Data from occupational exposure and/or volunteer studies that provide information on acute exposures that are of value to the risk assessment process are available for toluene:

 

Toluene (Classification: EU – R65, R67; GHS/CLP: Category 1, H304, Cat 3 H336): The acute effects of toluene inhalation exposure include headache, dizziness, feeling of intoxication, irritation and sleepiness and decreases in acute neurobehavioural performance at concentrations ≥ 75 ppm (EU RAR, 2003). A NOAEC of 50 ppm (188 mg/m3) can be determined for acute neurobehavioural effects in humans (Muttray et al, 2005).

 

Minor components with classification for acute toxicity:

 

Xylenes (Classification: EU: R20, 21; GHS/: Category 4 H332; Category 4 H312).

 

Summary

No data are available on this intermediate but data are available for the major components indicating low toxicity by the oral, dermal and inhalation routes. 

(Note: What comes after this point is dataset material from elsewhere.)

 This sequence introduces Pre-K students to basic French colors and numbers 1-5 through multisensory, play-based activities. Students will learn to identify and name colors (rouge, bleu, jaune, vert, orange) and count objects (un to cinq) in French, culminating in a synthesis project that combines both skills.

However, toluene produces unsteady gait and other indications of neurobehavioural activity at concentrations < 20 mg/L justifying R67/H336. n-Hexane and cyclohexane are also classified R67/H336. Mixed xylenes are considered to be harmful following acute dermal and inhalation exposures (and are classified R20/H332 and R21/H312) but the level in the reaction mass does not trigger classification.

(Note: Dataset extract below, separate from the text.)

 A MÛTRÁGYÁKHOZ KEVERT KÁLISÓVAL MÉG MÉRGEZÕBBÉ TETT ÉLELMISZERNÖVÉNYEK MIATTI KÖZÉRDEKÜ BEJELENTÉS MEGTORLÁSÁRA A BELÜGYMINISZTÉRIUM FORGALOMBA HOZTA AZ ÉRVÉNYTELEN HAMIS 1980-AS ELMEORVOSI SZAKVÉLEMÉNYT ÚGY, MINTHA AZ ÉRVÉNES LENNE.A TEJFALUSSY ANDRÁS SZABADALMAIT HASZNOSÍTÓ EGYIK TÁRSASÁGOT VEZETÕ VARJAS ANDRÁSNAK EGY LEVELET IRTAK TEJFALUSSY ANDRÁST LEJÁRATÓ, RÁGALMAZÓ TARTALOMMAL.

Because of the low viscosities of toluene, cyclohexane and ethylbenzene, and their concentration in the intermediate, labelling for aspiration hazard is mandatory.

 

Additional References:

ATSDR (1999). Toxicological Profile for n-Hexane. http: //www. atsdr. cdc. gov/toxprofiles/tp113. Html

EU RAR (2003). European Union Risk Assessment Report for Toluene. EC Joint Research Centre http: //ecb. jrc. ec. europa. eu/DOCUMENTS/Existing- Chemicals/RISK_ASSESSMENT/REPORT/toluenereport032. pdf

EU RAR (2004)

European Union Risk Assessment Report: Cyclohexane. EC Joint Research Centrehttp://ecb.jrc.ec.europa.eu/DOCUMENTS/Existing-Chemicals/RISK_ASSESSMENT/SUMMARY/cyclohexanesum031.pdf

US EPA HPV Challenge Program, November 2006. 4-Vinylcyclohexene, CAS 100-40-3

Justification for classification or non-classification

Although there are no studies on the intermediate, there are sufficient data on component substances to indicate they are of low toxicity by the oral, dermal, and inhalation routes with LD50/LC50 values exceeding the values which would warrant classification under Dir 1999/45/EC or Reg (EC) 1272/2008.

 

Data from experimental exposure of human volunteers show that dizziness and sleepiness are experienced at air levels < 20 mg/L of toluene, and similar effects are considered to occur with n-hexane and cyclohexane; the concentration of these components in the intermediate justifies mandatory classification R67 under Dir 1999/45/EC and Category 3 assigned H336 under Reg (EC) 1272/2008.

 

The low viscosity of toluene, cyclohexane and ethylbenzene are such that labelling is required. Because the intermediate contains ≥10% of these substances, classification Xn, R65 "May cause lung damage if swallowed" is mandatory under Dir 1999/45/EC and under Reg (EC) 1272/2008 "Aspiration toxicity Category 1, H304".